The shadow of the young morning
sun cast its light on Stone's back, throwing his silhouette onto the ground of the burned down Pit. He walked across the smoldered debris, limping, careful not to cut himself, careful not to come away bleeding from all the jagged edges and unpolished surfaces, and as he came closer to where the office used to be, the shadow of the little chrome figurine joined his own, and for a short while the two fedoras were cast onto the ground together.
The books that he knew were there were vanished with no trace of them left; all the tomes that he'd never read, the books that were there when they had first bought the Pit. He imagined the desk in front of him, stretching out from wall to wall. He imagined looking out at the alley through the window that was no longer there, looking at the twisted metal and garbage that had been piled up and forgotten.

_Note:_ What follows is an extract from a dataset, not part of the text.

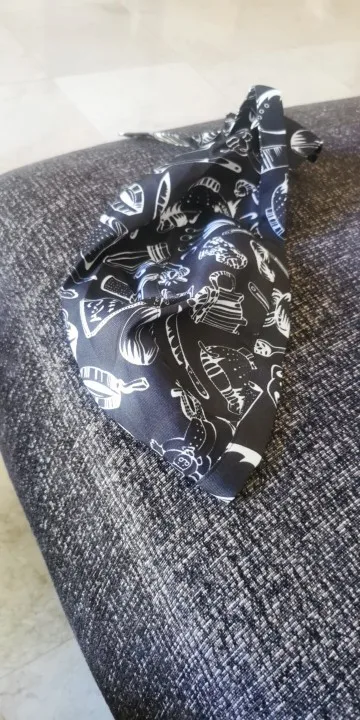 бандана из синтетики. У продавца заявленно хлопок. получили быстро. Но к сожалению синтетика. Повару на кухне целый рабочий день в синтетике?

Stone crouched down over a little patch of clean dirt. He split the ground in two with his fingers and put the chrome figurine into the dirt. He then covered the figure with a little mound of earth and stepped back. He took off his hat and held it by his side.
“I knew you'd be here,” a voice said behind him.
He turned around and saw Julia stand on the other side of the ruin. She tried coming closer, but she gave up halfway through. Stone started to walk towards her.
“Don't,” she said. “Please.”
Stone stopped. “I'm sorry,” he said.
Julia began shaking her head, her lips already trembling from what she was feeling; from what she had felt since he had yelled at her.
“Noah, I...”
“Ever since I came back to Plissbury,” said Stone. “This has been my home.” He kicked a loose board sticking out from the ground. “We... me and Frank... all of us... we tried to start a life for ourselves here, a future. After the war, we...”
“After the war? After the... war... Noah, what war? You were never in the war! What war?!”
“I had my war!” roared Stone. “I had my war, Julia. We all did, each one of us, fighting it every day. You think those horrors all those soldiers carried home don't exist in each of us already? You can't conjure something like that if it isn't there to begin with.”